Sağlık emekçileri şiddete karşı eylemdeydi

Dr. Ersin Arslan’ın bir hasta yakını tarafından bıçaklanarak öldürülmesinin birinci yıldönümünde bir araya gelen sağlık emekçileri, artan şiddeti protesto etmek için bugün iş bıraktı. Acil servisler dışında doktorlar sağlık hizmeti vermedi.

Gaziantep'te bir hasta yakını tarafından bıçaklanarak öldürülen Kalp Damar Cerrahisi Uzmanı 30 yaşındaki Dr. Ersin Arslan'ın ölüm yıl dönümünde sağlık çalışanları, sağlıkta şiddete dikkat çekmek ve çözüm taleplerini dile getirmek amacıyla ülke genelinde eylem yaptı.

İstanbul Üniversitesi Tıp Fakültesi Temel Tıp Anabilim Dalı binası önünde toplanan Türkiye Tabipler Birliği, İstanbul Tabip Odası, Türk Dişhekimleri Birliği, Sağlık Emekçileri Sendikası, Devrimci Sağlık İşçileri Sendikası, Hasta ve Hasta Yakınları Derneği, Türk Hemşireler Derneği üyeleri ve Dr. Arslan'ın ölümü nedeniyle iş bırakan hekimler Çapa'dan Çemberlitaş'ta bulunan İstanbul İl Sağlık Müdürlüğü önüne kadar yürüdü.

“Tüm bunlar sağlıkta dönüşüm programının sonuçlarıdır”
Polisin geniş güvenlik önlemi aldığı İstanbul İl Sağlık Müdürlüğü önüne gelen sağlık emekçileri, Dr. Ersin Arslan için saygı duruşunda bulunuldu. Grup adına basın açıklamasını okuyan İstanbul Tabip Odası Genel Sekreteri Dr. Ali Çerkezoğlu, Arslan'ın ölümünün üzerinden bir yıl geçmesine rağmen sağlık çalışanlarının hâlâ şiddet görmeye devam ettiğini hatırlattı.
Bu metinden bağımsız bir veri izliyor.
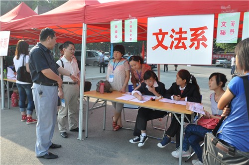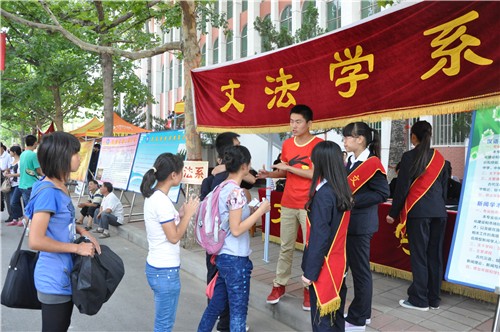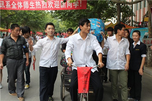 文法系领导对此次迎新工作极为重视,为确保此次迎新工作顺利进行,我系在迎新工作开始前多次召开专题会议对迎新工作进行认真细致的部署,制定了详细具体的迎新计划。9月5日中午,因提前报到新生人数较多,我系按照公司统一部署,紧急抽调师生提前投入迎新工作中,下午1:00,各报到服务点师生均按时到位,按照公司要求开展迎新工作。9月6日8:00,系党总支书记张朝阳、系主任段丰乐、系党总支副书记杨明志一行即深入我系各迎新接待点检查指导迎新工作,并与新生家长亲切交谈、解答新生及家长的问题。

Sağlık çalışanlarının gördüğü şiddetin yanı sıra sağlık sisteminde aksayan bir çok şey olduğunu belirten Çerkezoğlu şunları kaydetti:

''Ödeme güvencesini tamamen yitirmiş, çalışanları birbirine düşüren, sağlıkta kaliteyi düşüren performans sistemi var. Gittikçe ağırlaşan iş yükü altında kuralsız ve baskı altında hemşirelerde 56 saati, asistanlarda 64 saati bulan mesailer var. Sağlık hizmetine ulaşmanın önünde bin bir türlü engel, her kademede ödenen katkı katılım payı ve ilave ücretler var. Hükümet, siyasetçiler ve yöneticilerin 'sağlık çalışanlarını' itibarsızlaştıran, küçük düşüren, hedef gösteren kışkırtıcı açıklamaları var. Tüm bunların sonucunda bozuk bir sağlık sistemi, tedavi olamayan hastalar, çalışanlara yönelik şiddet ve öfke var. Tüm bunlar sağlıkta dönüşüm programının sonuçlarıdır. Bu programın kimseye yararı olmadığı görülmüştür. Yol yakınken bundan vazgeçilmelidir. Şiddeti doğuran ve besleyen bu sisteme karşı mücadele edeceğiz. Böyle sağlık sistemi olmaz, bu şiddet sona ersin.''

ATO Sağlık Bakanı’na sordu: “İki maddeyi çıkaramazken Anayasa’yı nasıl yapacaksınız?”
Ankara’da Sağlık örgütlerinin çağrısıyla bir araya gelen hekimler İbni Sina Hastanesi önünde toplanarak Sağlık Bakanlığı’na yürüdü. Eylemde CHP Milletvekillerinden Aytuğ Atıcı, Kadir Gökmen, Mehmet Şeker, Mehmet Hilal Kaplan, Muharrem Işık da hazır bulundu.
Sağlık Bakanlığı önünde basın açıklaması yapan hekimler, hekime yönelik şiddeti doğuran sisteme karşı mücadele ettiklerini bildirdi. Hekimler adına basın açıklamasını okuyan SES Ankara Şube Başkanı İbrahim Kara, yaşanan şiddet olaylarının nedeninin sağlıkta dönüşüm programı olduğunu ifade ederek, “Bu programın kimseye yararı olmadığı açığa çıkmıştır ve yol yakınken bundan vazgeçilmelidir. Hizmete erişimin önündeki engellerin, başta parasal engeller olmak üzere tüm engellerin kaldırıldığı bir sisteme, nitelikli hizmet vereceğimiz bir sisteme ihtiyaç var” dedi.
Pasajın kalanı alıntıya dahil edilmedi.